From mboxrd@z Thu Jan  1 00:00:00 1970
From: Ingo Molnar <mingo@elte.hu>
Subject: Re: [patch 1/4] - Potential performance bottleneck for Linxu TCP
Date: Thu, 30 Nov 2006 07:17:58 +0100
Message-ID: <20061130061758.GA2003@elte.hu>
References: <2f14bf623344.456de60a@fnal.gov> <20061129.181950.31643130.davem@davemloft.net>
Mime-Version: 1.0
Content-Type: text/plain; charset=us-ascii
Cc: wenji@fnal.gov, akpm@osdl.org, netdev@vger.kernel.org,
	linux-kernel@vger.kernel.org
Return-path: <linux-kernel-owner+glk-linux-kernel-3=40m.gmane.org-S1757092AbWK3GTo@vger.kernel.org>
To: David Miller <davem@davemloft.net>
Content-Disposition: inline
In-Reply-To: <20061129.181950.31643130.davem@davemloft.net>
Sender: linux-kernel-owner@vger.kernel.org
List-Id: netdev.vger.kernel.org


* David Miller <davem@davemloft.net> wrote:

> We can make explicitl preemption checks in the main loop of 
> tcp_recvmsg(), and release the socket and run the backlog if 
> need_resched() is TRUE.
> 
> This is the simplest and most elegant solution to this problem.

yeah, i like this one. If the problem is "too long locked section", then
the most natural solution is to "break up the lock", not to "boost the 
priority of the lock-holding task" (which is what the proposed patch 
does).

[ Also note that "sprinkle the code with preempt_disable()" kind of
  solutions, besides hurting interactivity, are also a pain to resolve 
  in something like PREEMPT_RT. (unlike say a spinlock, 
  preempt_disable() is quite opaque in what data structure it protects, 
  etc., making it hard to convert it to a preemptible primitive) ]

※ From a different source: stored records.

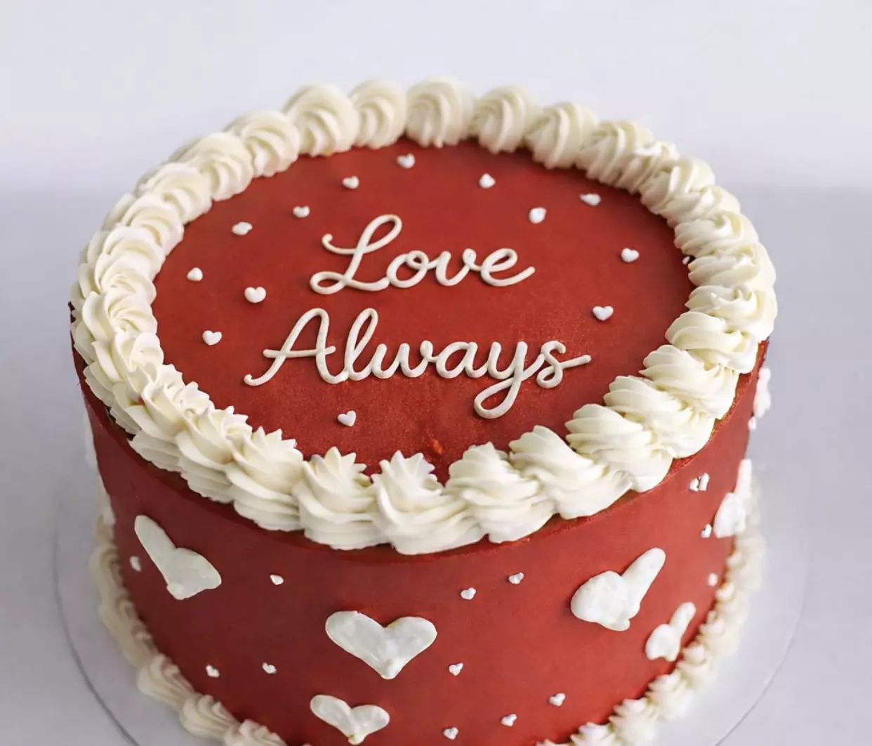 Baked with soft, moist red velvet, rich chocolate or silky vanilla sponge and layered with smooth cream frosting, this cake delivers rich flavour with a refined finish. The elegant red design and subtle heart details make it ideal for Valentine’s Day, anniversaries, special holidays and meaningful celebrations.
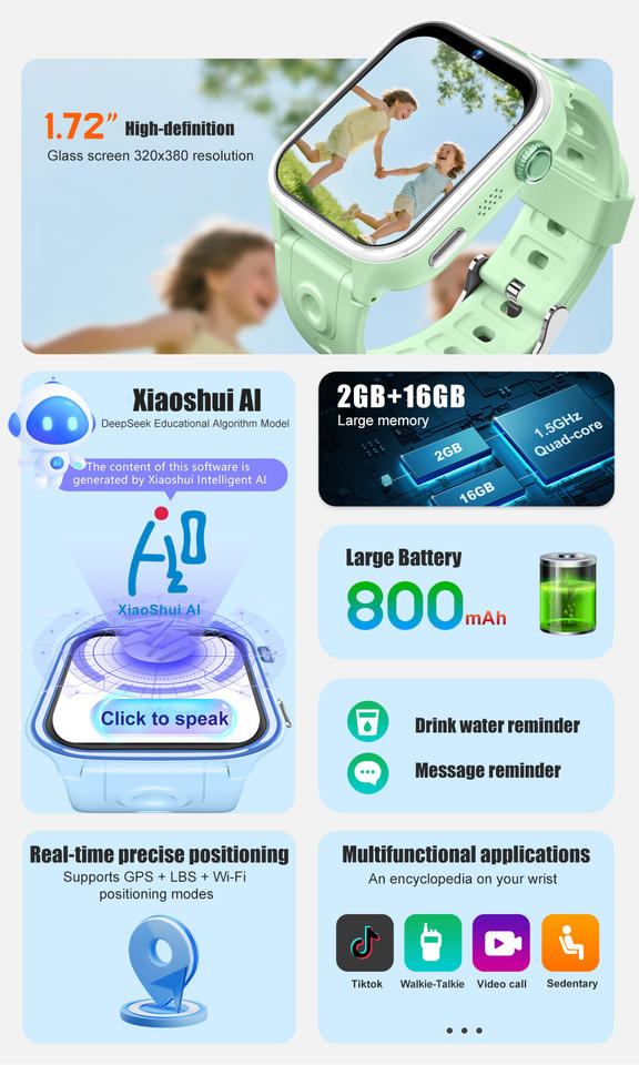 Montre connectée pour enfants S30, couleur verte magnifique, fine, 4G, GPS, dispositif de suivi, caméra 2MP, appel vidéo, téléphone-montre, Noël
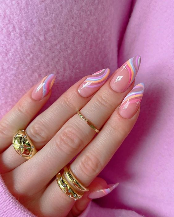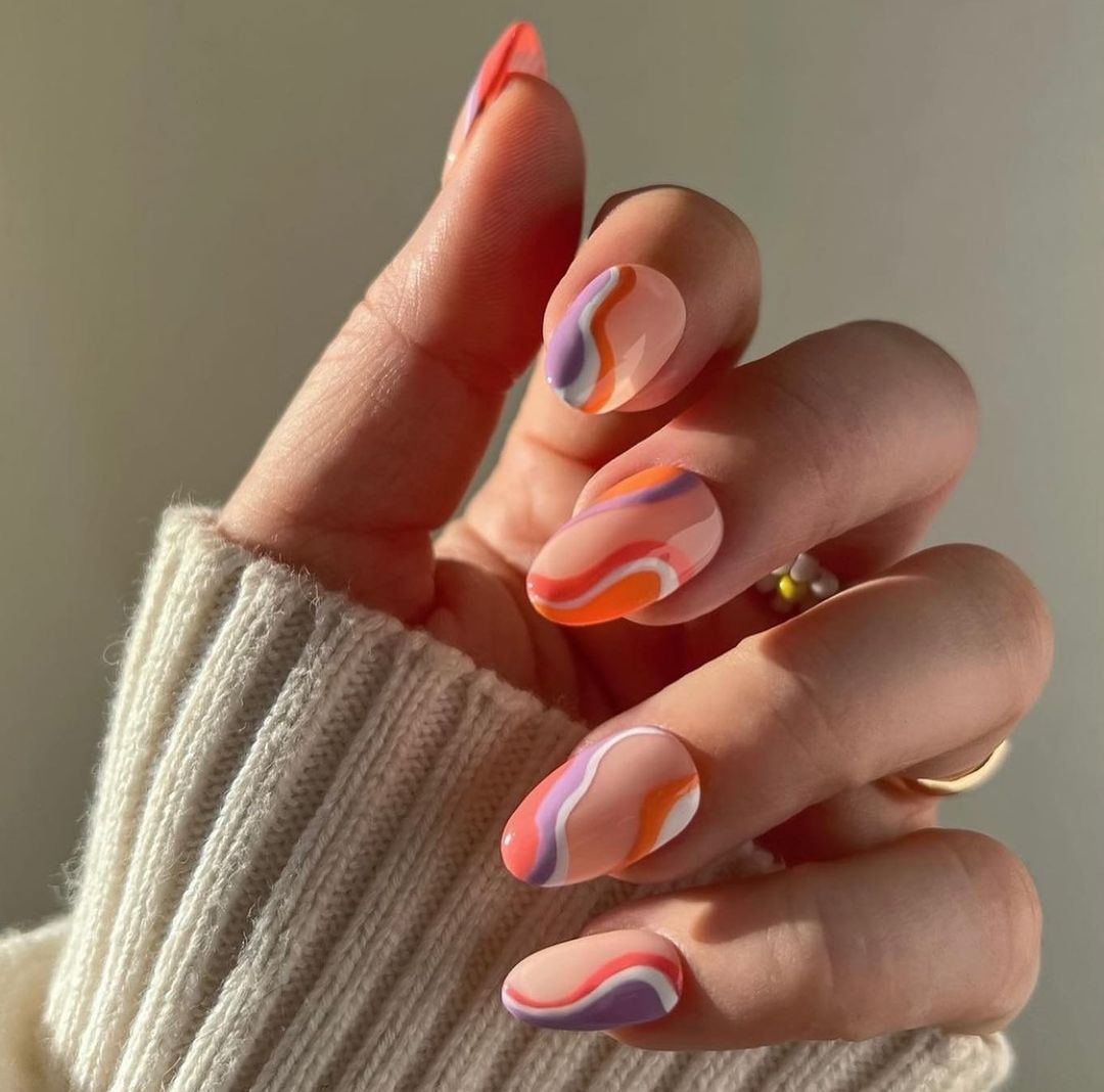 Las ondas groovy son la inspiración retro que llegó para quedarse y vuelve a posicionarse entre los diseños favoritos este verano. El azul, verde y anaranjado son nuestros favoritos, pues lucen perfectos cuando se llevan juntos, al igual que cuando decides llevar uno solo en todas las uñas.

> The one suggested in your patch and paper are way overkill, there is 
> no reason to solve a TCP specific problem inside of the generic 
> scheduler.

agreed.

What we could also add is a /reverse/ mechanism to the scheduler: a task 
could query whether it has just a small amount of time left in its 
timeslice, and could in that case voluntarily drop its current lock and 
yield, and thus give up its current timeslice and wait for a new, full 
timeslice, instead of being forcibly preempted due to lack of timeslices 
with a possibly critical lock still held.

But the suggested solution here, to "prolong the running of this task 
just a little bit longer" only starts a perpetual arms race between 
users of such a facility and other kernel subsystems. (besides not being 
adequate anyway, there can always be /so/ long lock-hold times that the 
scheduler would have no other option but to preempt the task)

	Ingo